Akaashi laughs over the comms. _“Why do I get the feeling that you’ve never followed the advice ‘be careful’ in your life?”_

“Listen. Doing dumb stunts, like say, eating an entire jumbo box of Nilla Wafers in 2 minutes is not the same as, I dunno. _Getting caught while robbing a high profile businessman._ ”

Kenma snorts. “ _He has a point_.”

They continue in relative silence for a few moments. The only noise being Kenma humming what sounds like the Poekmon theme song and Bokuto telling them when the doors are clear, despite Akaashi saying that they know. (The lights for the security system go off on the doors when they’re disabled.)

Finally they reach the last door, and when it opens, there’s two guards behind it.

 _“We have company,”_ Akaashi says over the comms.

“How many?”

_“Two. I thought they weren’t supposed to be here.”_

_“Why are they here?_ ” Kenma hisses, “ _And they’re almost like. HERE. They’re about to see us_.”

Kuroo grumbles. “I don’t _know._ The guard schedule doesn’t have them doing rounds for another hour.”

Bokuto drags a hand down his face. “Listen I can buy you guys some time by making an alarm go off on the other side of the building but-”

Akaashi sighs. _“That won’t be necessary.”_

There’s the faint sounds of yelling and Akaashi talking quietly.

 _“Listen, don’t shoot. I’m just going to put my hands up and I’m going to drop my bag. And then I’m going to-”_ There’s a loud snap over the comms and a scream. There’s more sounds of fighting but it doesn’t last long.

 _“Uhh. Akaashi.”_ Kenma warns.

“ _Another guy saw us, he’s headed for backup. Kuroo what do we do_?”

“Kuroo- _san_ , why does Bokuto get honorifics?”

_“Because he’s not annoying. WHAT DO WE DO?”_

“Get the designs and get out. The lobby is open but you’ll need disguises.”

 _“On it,”_ Kenma chirps.

_“Please don’t-okay he’s doing it. Okay.”_

“Doing what?”

_“Guards uniforms.”_

Kuroo pulls a face. “They’re not dead are they?”

_“For the last time! I don’t kill people!”_

Kuroo waves a dismissive hand and then realizes Akaashi can’t see him, and promptly feels like an idiot.

The rest of the job goes relatively easier, they get the designs, get out, and get their money.

Well, except for that last part.

**$**

Kenma arrives at the warehouse and he’s _pissed._ This was a massive pay out. He wouldn’t have worked in a team if it hadn’t been.

Except it _wasn’t_ a massive pay out.
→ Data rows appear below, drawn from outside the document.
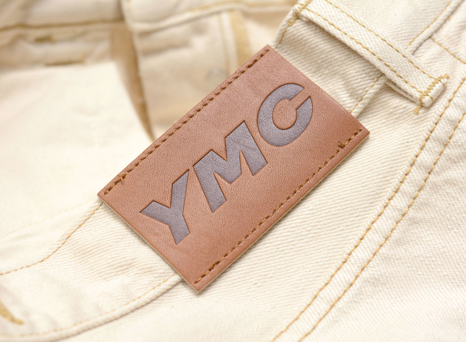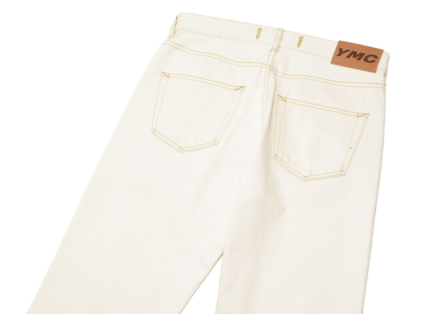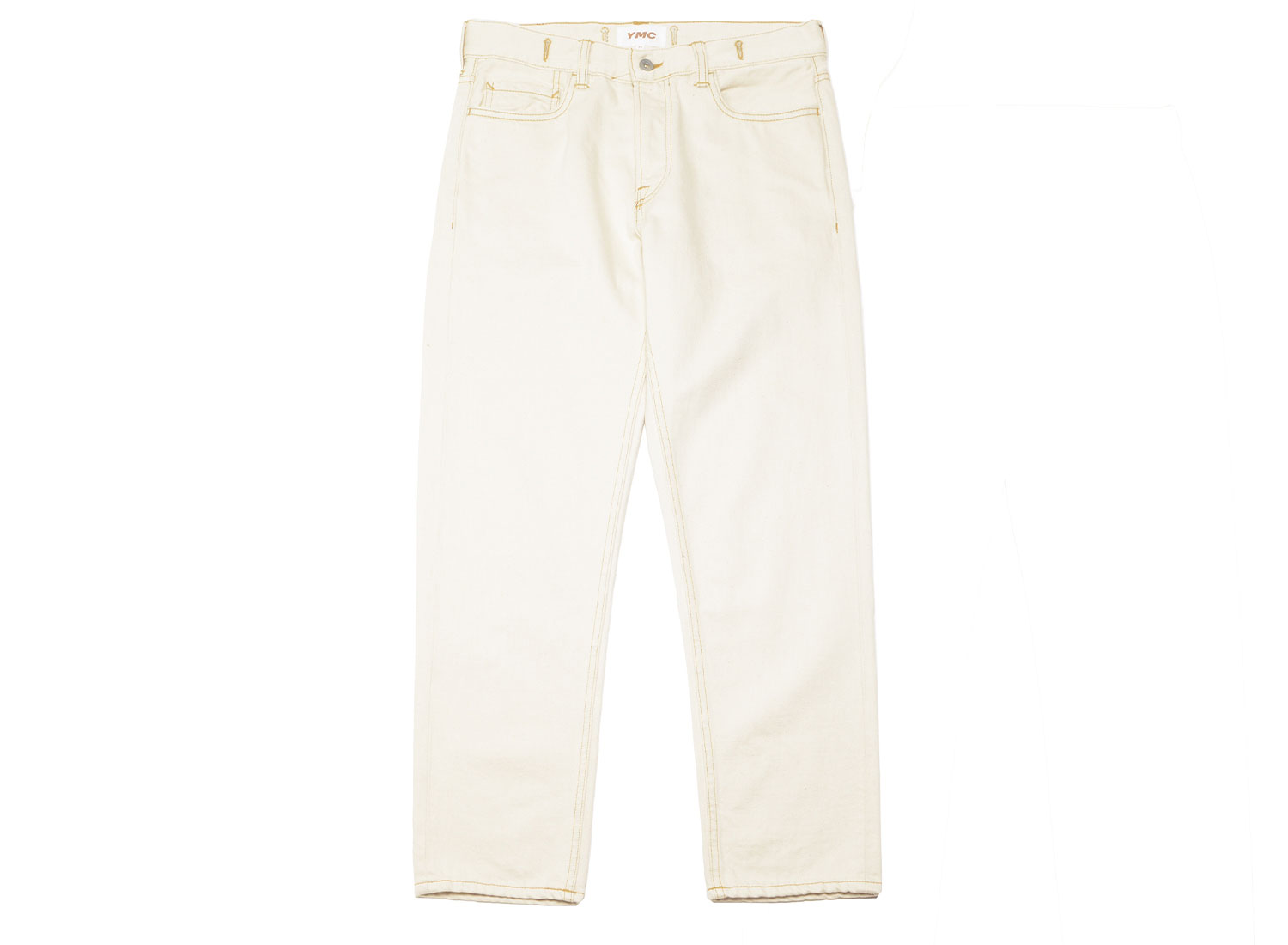 YMC P4AZB Tearaway Jean Ecru. Pantalon 5 poches confectionné en denim ecru 100% coton. Coupe droite longueur cheville. Poches côtés et poches arrières. Braguette zippée. Coutures contrastées. Patch YMC en cuir.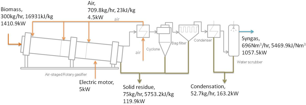 Figure 14 shows the schematic diagram of the system with the energy input and output of products at each stage. Total energy input was determined by biomass feeding rate, total air injection and motor power. In the present test, the energy input was 1420.4 kW. The syngas energy was 1057.5 kW, so the energy conversion efficiency is 74.45%. This was due to heat losses from the system and also the heat reserved in the char residue. Besides, some of the energy is also lost in the gas conditioning system through the scrubbing and condensation processes. The characteristics of the solid residue are listed in Table 3.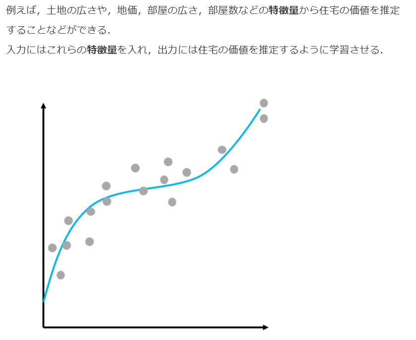 例えば,土地の広さや,地価,部屋の広さ,部屋数などの特徴量から住宅の価値を推定することなどができる.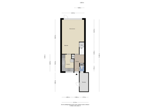 De woning is conform de Branchebrede Meetinstructie (BBMI) opgemeten. De Meetinstructie is bedoeld om een meer eenduidige manier van meten toe te passen voor het geven van een indicatie van de gebruiksoppervlakte. De Meetinstructie sluit verschillen in meetuitkomsten niet volledig uit, door bijvoorbeeld interpretatieverschillen, afrondingen of beperkingen bij het uitvoeren van de meting.
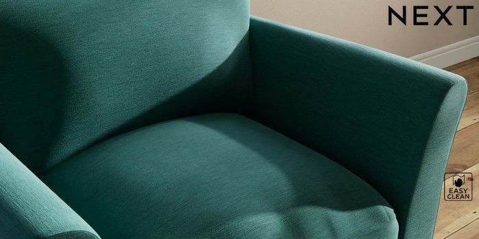 7.3.1 Buy Hartley Relaxed Sit Armchair Fine Chenille Easy Clean Dark Juniper Green Low Conical - Light from the Next UK online shop

Because he didn’t get any _money._

He arrives at the warehouse and everyone else is there. Why is everyone else there?

And then Kuroo starts laughing. Akaashi lunges for him but Bokuto puts a hand on his shoulder. “Why are you _laughing_?”

“Think about it. The only way to get us all in the same place would be to tell us we’re not getting our money. And why would Weston want us in the same place?”

Realization dawns on the three of them just as Kenma notices the wires.

“Run!” Akaashi yells and they all bolt for the exit.

The building erupts behind them.

**$**

Kuroo makes sure no one sees them leave, makes sure Weston has probable cause to think they’re dead.

Kenma hotwires a van in the parking lot and they all pile inside.

“Is there anything you _can’t_ do?” Bokuto asks.

“I can’t drive. I can’t swim. I’m pretty bad at English. I’m also pretty bad at math. I can’t drink alcohol well. I can’t-”

Akaashi looks confused. “Wait, you can hotwire a car but you can’t drive?”

“Two different ball games. I can also break into a locked car using a credit card.”

“ _How?_ ” Kuroo asks.

“Well, first you have to-”

“No, how is it two different ball games.”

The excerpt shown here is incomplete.